Shapiro also said that the US and five other world powers negotiating with Iran would “halt” even the “modest sanctions relief” that was part of the interim deal if Iran did not honor its commitments as set forth in the agreement.

On Monday, diplomats familiar with the UN’s nuclear watchdog said Iran was honoring its part of the bargain, but that the country had also increased its uranium stockpile, Reuters reported.

If economic and diplomatic pressure are not successful in curbing Iran’s drive toward a nuclear bomb, “the president [Obama] said, all options are on the table,” Shapiro said. “And he has ensured that a military option is available should it be necessary.”

Netanyahu delivered his speech to the Conference of Presidents of Major American Jewish Organizations, which is currently holding its annual Israel Leadership Mission to Israel.

Addressing increasing boycott calls, he called for Israel to “fight back” and “delegitimize the delegitimizers.”

“I think that it is important that the boycotters be exposed for what they are. They are classical anti-Semites in modern garb,” Netanyahu said.

He said Israeli is fighting BDS both by exposing the boycotters and with its booming high-tech sector.

“The most eerie and disgraceful thing is that people on the soil of Europe are talking about the boycott of Jews. That is outrageous,” he said. “The boycotters make their goal clear: to end the Jewish state.”

Speaking on peace talks, Netanyahu said the Palestinians must recognize Israel as the nation-state of the Jewish people and agree to ironclad security arrangements. He reiterated his position that he will not outsource Israel’s security to international forces.

“Peace is not easy, but it becomes possible when you keep in mind the main elements of peace: mutual recognition and Israel’s capacity to defend itself by itself.
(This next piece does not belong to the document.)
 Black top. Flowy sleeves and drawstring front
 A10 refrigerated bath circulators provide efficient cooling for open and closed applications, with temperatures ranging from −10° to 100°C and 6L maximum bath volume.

These are not matters on which we intend to compromise. Peace always includes compromise but I will never compromise on Israel’s security,” he said.
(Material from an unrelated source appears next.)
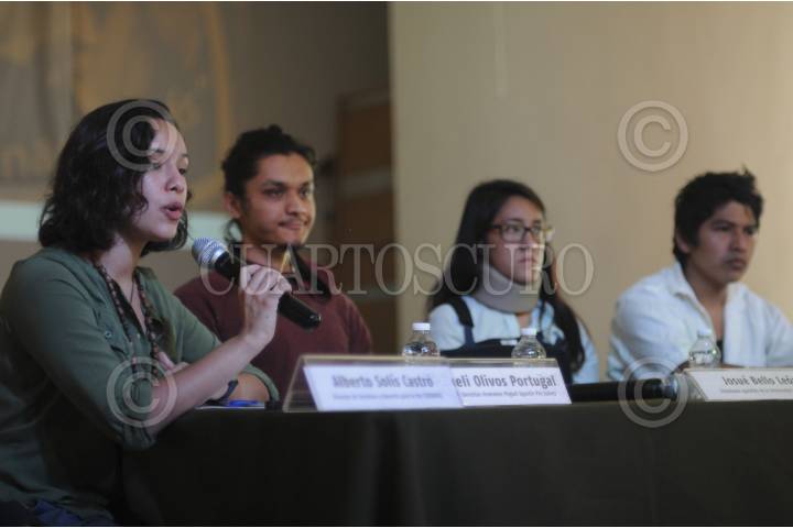 MÉXICO, D.F., 16JUNIO15.- Estudiantes violentamente agredidos el pasado 5 de junio del año en curso por un grupo de encapuchados dentro de su domicilio particular en la ciudad de Xalapa, acompañados por sus padres, académicos y activistas del estado de Veracruz además de integrantes de SeraPaz encabezados Alberto Solís, ofrecieron una conferencia de prensa en las instalaciones del ProDH para dar a conocer en voz de los afectados testimonios de la agresión y solicitar apoyo por parte de organizaciones en defensa de los derechos humanos a nivel nacional e internacional, así como apoyo de abogados para fortalecer el equipo jurídico con el que cuentan en el estado, esto ante la desconfianza que tiene en las instituciones de la entidad veracruzana. FOTO: RUBÉN ESPINOSA /CUARTOSCURO.COM

At the end of his 35-minute speech, Netanyahu thanked the Conference of Presidents, which had arrived in Israel after a visit to Madrid, and briefly joked about the Spanish government’s plan to grant citizenship to Jews who had been expelled hundreds of years ago. “As the son of a well-known hispanist, I have a message: We appreciate the gesture, but keep your passports.”